Hosea, like most of the prophets, is instructed to deliver God’s message of judgment to the people of Israel. After the message has been delivered, there is a response recorded in the first three verses of chapter six. It is not clear whether this response is Israel speaking to God or one another (though the context seems to indicate one another, if it is Israel as a whole) or Hosea speaking to Israel (which is also possible). In either case, the call is to return because God will revive and restore. In light of that sure restoration and revival, verse three is a call to know the LORD.
How can we know the infinite? God is, as recorded in Isaiah, thinking thoughts so much higher than ours there really is no comparison. His ways are equally beyond us, so it is difficult, under the best of circumstances, for us to understand the fringes of God and what He is doing and thinking. But the call is not to understand God or know His thoughts. The call is to know God.
According to my concordance, the verb used (יָדַע) and the tense in which it is used can mean to know, to learn to know, to perceive, to discern, to discriminate, to distinguish, to know by experience, to recognize, to acknowledge, to admit, to confess, and to consider. The call is not to know God in the sense that I comprehend Him — that is not possible. It is, instead, a call to know Him in much the same way that I know my wife.
I do not fully understand my wife, but I recognize the patterns of her behavior and discern the repeated responses that let me know whether something will please her or not.
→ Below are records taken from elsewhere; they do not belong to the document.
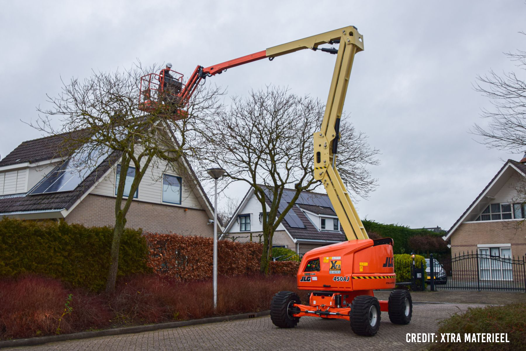 Image: Using the Boom Lift 450AJ for cutting back trees at height (Credit: Xtra Materieel)
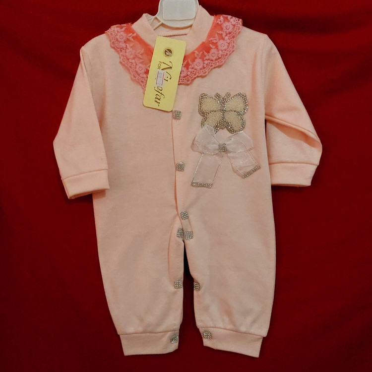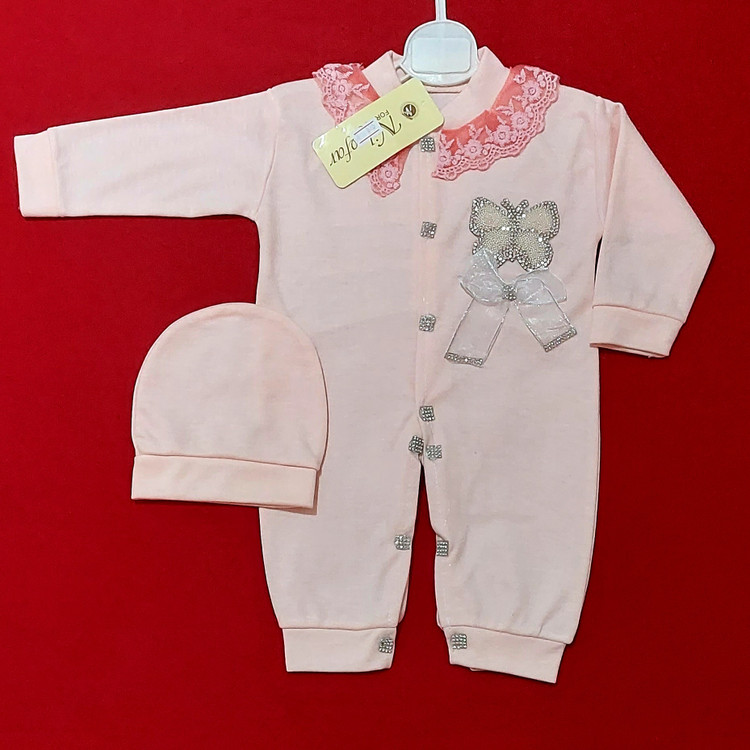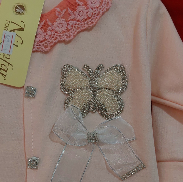 سرهمی نوزادی طرح پروانه گلبهی رنگ ( مناسب بدو تولد و بیمارستان )
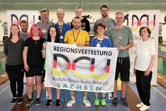 Bei den Frauen erreichte Isabel Seifert (VfB Eintracht) mit 394 Treffern als Zwölfte das Finale. Dort traf sie dann 383 Kegel und bestätigte mit 777 Holz ihre Platzierung. Jana Schlichthar (292) wurde bei ihrer ersten DM-Teilnahme Fünfzehnte. Allerdings zollten ihr trotz des etwas mäßig klingenden Resultates alle Teilnehmer größten Respekt. Wenige Tage nach ihrer Qualifikation brach sie sich einen Finger an der Wurfhand. Innerhalb von nur drei Wochen stellte sie sich auf die linke Hand um, was viele für unmöglich hielten. Unter diesen Umständen erzielte sie ein erstaunliches Ergebnis und wird mit dieser Geschichte in die Annalen der Meisterschaften eingehen. Nadine Leiott (KSV Eska Chemnitz) konnte mit insgesamt 948 Treffern ihren Titel vom Vorjahr erfolgreich verteidigen und holte somit einen zusätzlichen Startplatz für Sachsen im kommenden Jahr. Außerdem gab es bei den Männern einen sächsischen Doppelsieg durch Veit Tänzer (KSV Bad Düben), der über 2 x 200 Wurf 2060 Kegel traf, und Alexander Leiott (Eska Chemnitz / 2003 Kegel).
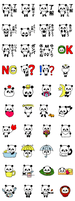 パンダのいろいろな表現ができるスタンプです。種類が豊富で使いやすいですね。

I do not know her thoughts so much as listen to them often enough that I begin to see the drift of them and know by experience that certain stimuli will elicit certain reactions. In summary, I study my wife. Since people grow and change and mature (not precisely the same as growing), my wife will remain a subject of interesting study for the rest of my life.
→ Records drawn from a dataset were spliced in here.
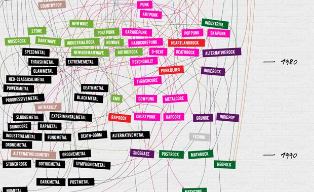 Uma animação que mostra cem anos de estilos musicais relacionados ao
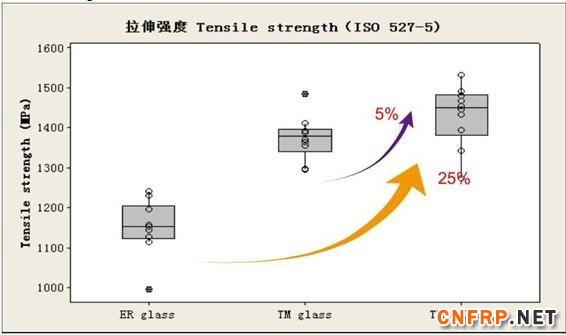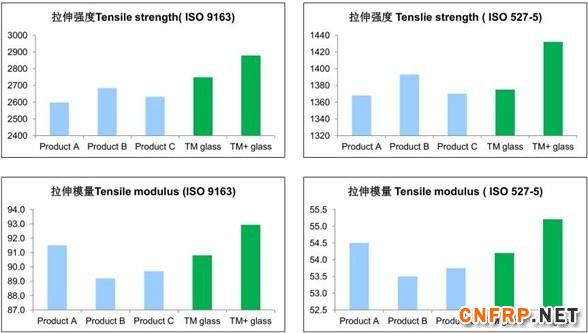 3 ). TM + + glass 的性能优势 /Advantages of TM + glassfiber拉伸性能对比分析/ Tensile properties comparison
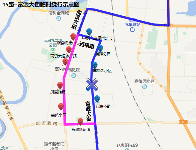 因富源大街(富源大街與新河路交叉口北側)道路施工,即日起,15路線臨時繞行,具體如下:
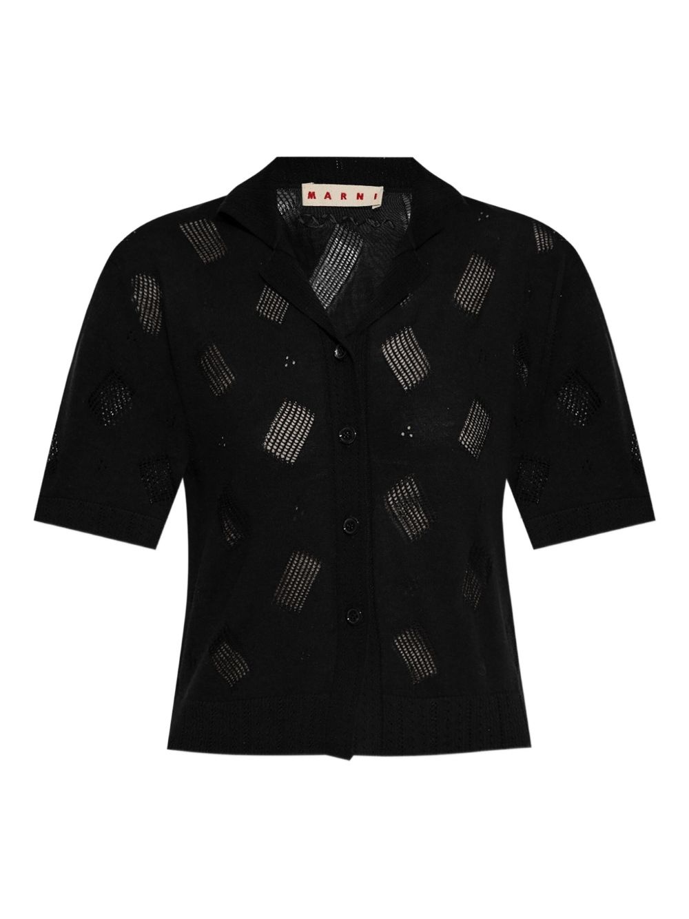BLACK WOOL-SILK KNIT OPENWORK SHIRT
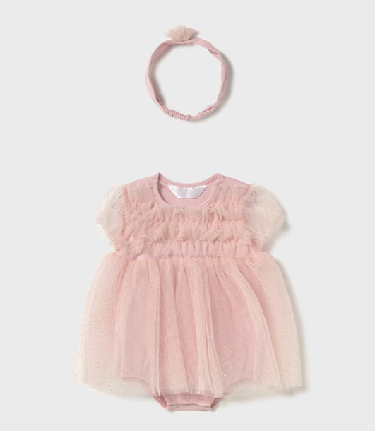 Mayoral Newborn Tulle Romper with Headband- Baby Pink
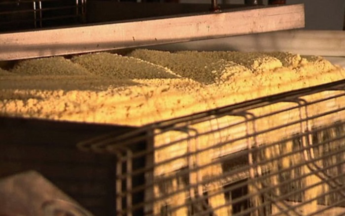 Toda la mezcla cae sobre una cinta transportadora, donde se mezcla y se tamiza repetidamente, a través de un enrejado especial, hasta formar un producto homogéneo.

Let me now turn this lens on God. I cannot fully understand Him, but I can recognize His patterns and learn how He responds to certain things. I cannot know His thoughts, but I can read His messages to me and to others in The Bible and start to see the general direction of them. He actually starts me off by saying that He thinks good things about me and plans good things for me. While God is perfect and therefore has no reason to change (Why mess with perfection?), He is infinite and thus capable of bearing infinite inquiry. I can spend the rest of my life studying Him and it will not be a wasted life or effort spent in vain. Because the call to know Him comes with a promise.
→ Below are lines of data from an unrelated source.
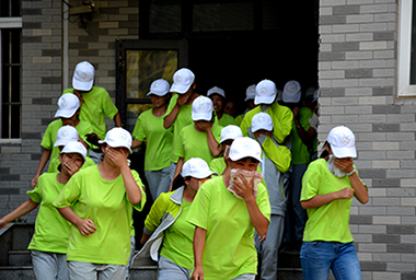 14时45分,在烟雾弥漫中,632名身着军训服的新生,按照动作要领弯腰低身、用湿毛巾捂鼻,分别从东、南、西三侧楼梯出口往外逃生,在相关人员的指挥和引导下,有序疏散到篮球场。15时,最后一批同学在辅导员和校园安保人员的护送下安全撤离,演练圆满结束。
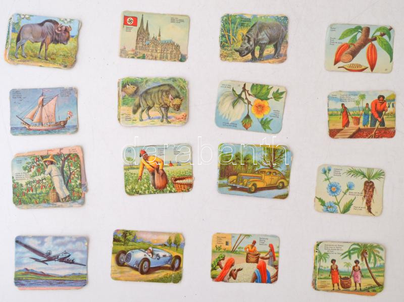 70 db vegyes témájú (repülők, hajók, földművelés) színes gyűjtőkártya, köztük lithok is. Papierhandlung Huber & Lerner Wien papírdobozban / mixed collectors' cards in paper box
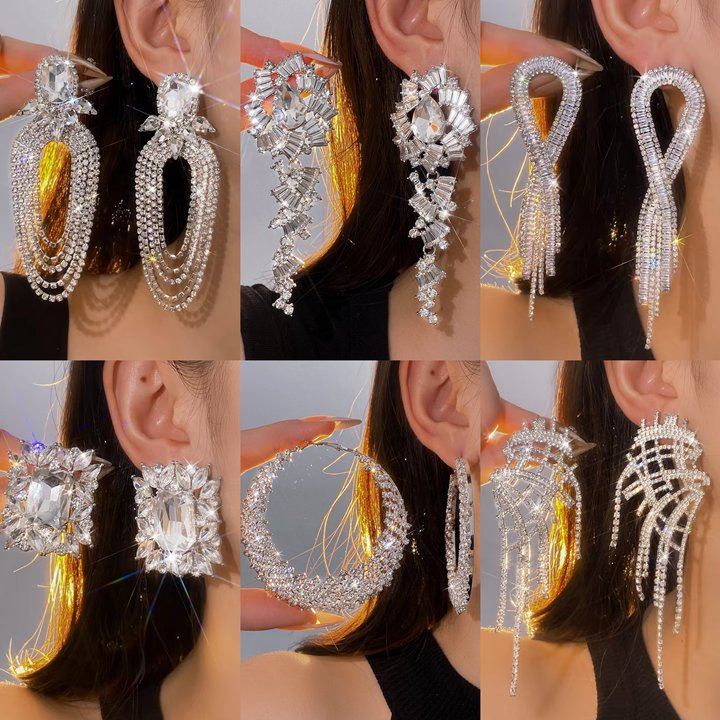 French-Style Elegant Full Diamond Flower Tassel Earrings, Light Luxury High-End Stud Earrings, Fashionable Temperament Earrings with a Unique Design
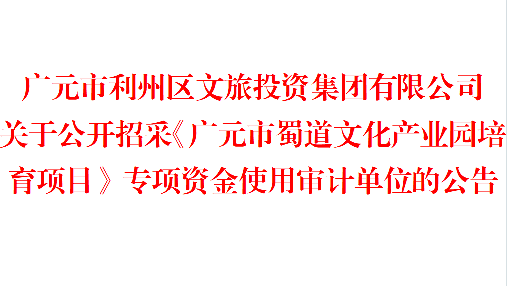 广元市利州区文旅投资集团有限公司关于公开招采《广元市蜀道文化产业园培育项目》专项资金使用审计单位的公告 为规范项目专项资金使用,明晰《广元市蜀道文化产业园培育项目》前期推进情况,现拟通过公开招...
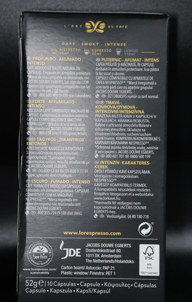 L'OR Espresso - Onyx, Level 12 Intensity Dark Roast, EX: 5/26 *50 CAPSULES* Includes 5 boxes - each box contains 10 capsules - 50 total capsules One box has been opened but all capsules are sealed Some boxes have minor damage - all shown in photos
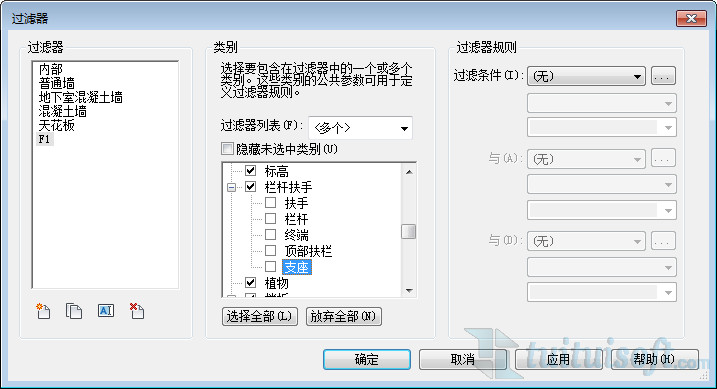 在类别中选择过滤器需要应用的对象。因为我们建的一般为建筑结构模型,所以选择这两项,在下方单击选择全部。

The promise is that God will come to us like the rain, / Like the spring rain watering the earth. If I seek to know God — to experience Him; to discern Him acting in my daily life; to recognize what pleases and displeases Him; to consider His ways — then He will come to me like rain. For those who have never stood in the rain on a hot spring day — I am told that the climate in Israel is much the same as it is in my native Southern California — this imagery does not make sense. Spring in Southern California and, I suppose, in Israel is hot and the rains bring a coolness and respite; a refreshing and a renewing that are more welcome than can readily be explained. I was once standing out on a hot day in Southern California with a shaved head and felt the rains come down. The scent of the world washed clean by rain and the cool comfort of it on my head was most pleasant. God’s promise is, I think, to come to me like that if I seek to know Him. He will not just answer and give me the knowledge I seek, but will come with cleansing and comfort. Perceptions will be renewed and made right again and the discomfiture of life will be washed away, if only for a moment, by the rain of His presence.
Let me seek to know the LORD today; to see Him acting in my life; to recognize what will please Him in the situations I encounter. Let me make God my constant course of study and He will come like the rains of spring.